#### ASSIGNMENT
Once you reach the line with "шкаф/гардероб, двуспальная кровать." in the material below, copy each line exactly up to and including the line with "- Vojenská plynová", and skip the pictures.

#### EXTRACTED MATERIAL

#####

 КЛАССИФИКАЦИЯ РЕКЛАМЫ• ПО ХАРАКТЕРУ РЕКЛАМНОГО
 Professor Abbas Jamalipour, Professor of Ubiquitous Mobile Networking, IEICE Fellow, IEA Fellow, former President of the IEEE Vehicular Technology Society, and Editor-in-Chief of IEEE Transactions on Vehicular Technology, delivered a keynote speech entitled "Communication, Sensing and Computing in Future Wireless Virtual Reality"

#####

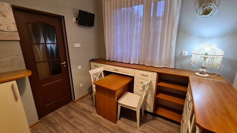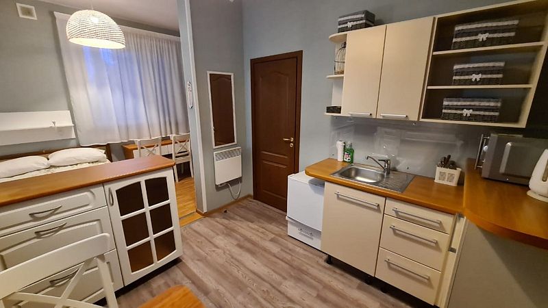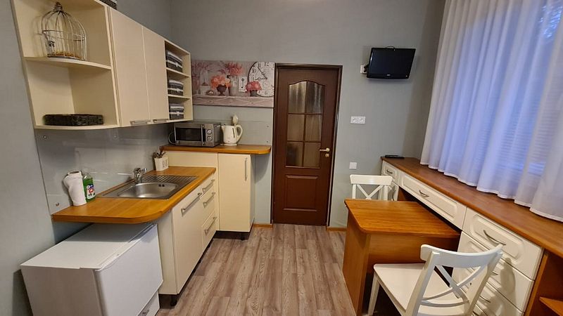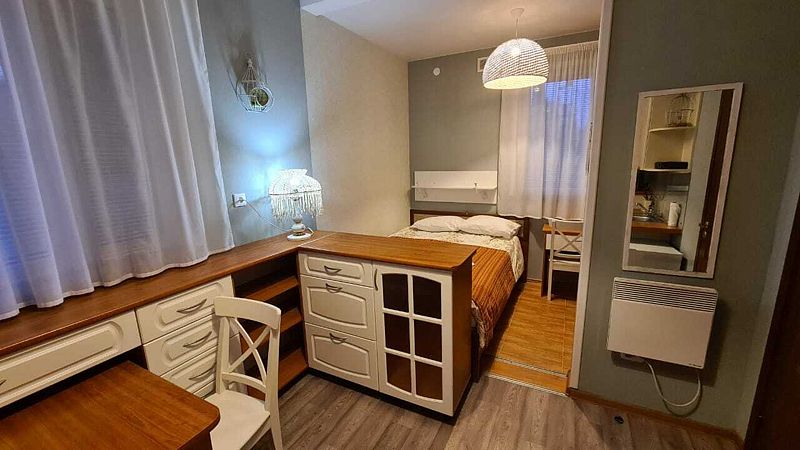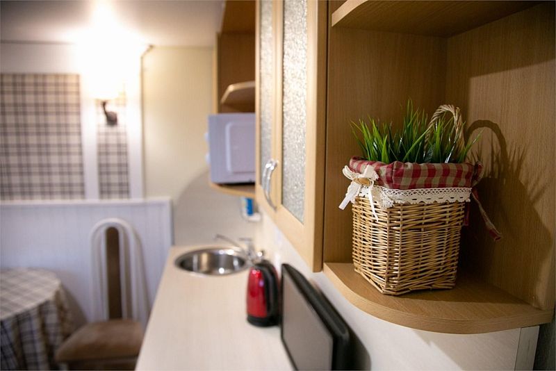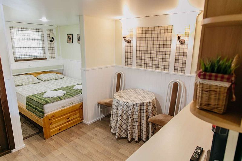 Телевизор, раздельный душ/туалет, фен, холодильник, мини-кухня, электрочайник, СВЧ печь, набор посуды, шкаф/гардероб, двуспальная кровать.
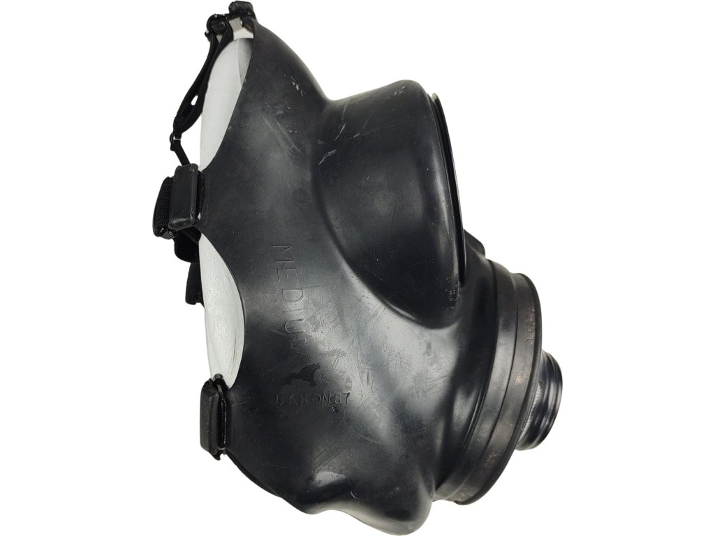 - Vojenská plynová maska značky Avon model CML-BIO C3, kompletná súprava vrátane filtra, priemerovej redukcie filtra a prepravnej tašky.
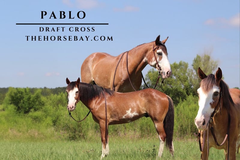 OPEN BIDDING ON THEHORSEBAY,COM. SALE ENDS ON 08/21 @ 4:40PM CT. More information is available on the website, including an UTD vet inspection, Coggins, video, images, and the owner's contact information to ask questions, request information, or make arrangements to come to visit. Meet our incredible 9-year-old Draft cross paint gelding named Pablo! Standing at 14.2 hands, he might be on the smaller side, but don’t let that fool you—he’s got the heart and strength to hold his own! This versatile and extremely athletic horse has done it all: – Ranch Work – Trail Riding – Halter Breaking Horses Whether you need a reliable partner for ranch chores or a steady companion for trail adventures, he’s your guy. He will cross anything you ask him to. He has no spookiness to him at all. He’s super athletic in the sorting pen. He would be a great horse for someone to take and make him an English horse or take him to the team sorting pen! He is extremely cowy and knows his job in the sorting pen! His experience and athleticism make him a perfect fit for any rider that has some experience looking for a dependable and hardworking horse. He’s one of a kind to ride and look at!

#####

#### RESPONSE AREA
 Телевизор, раздельный душ/туалет, фен, холодильник, мини-кухня, электрочайник, СВЧ печь, набор посуды, шкаф/гардероб, двуспальная кровать.
 - Vojenská plynová maska značky Avon model CML-BIO C3, kompletná súprava vrátane filtra, priemerovej redukcie filtra a prepravnej tašky.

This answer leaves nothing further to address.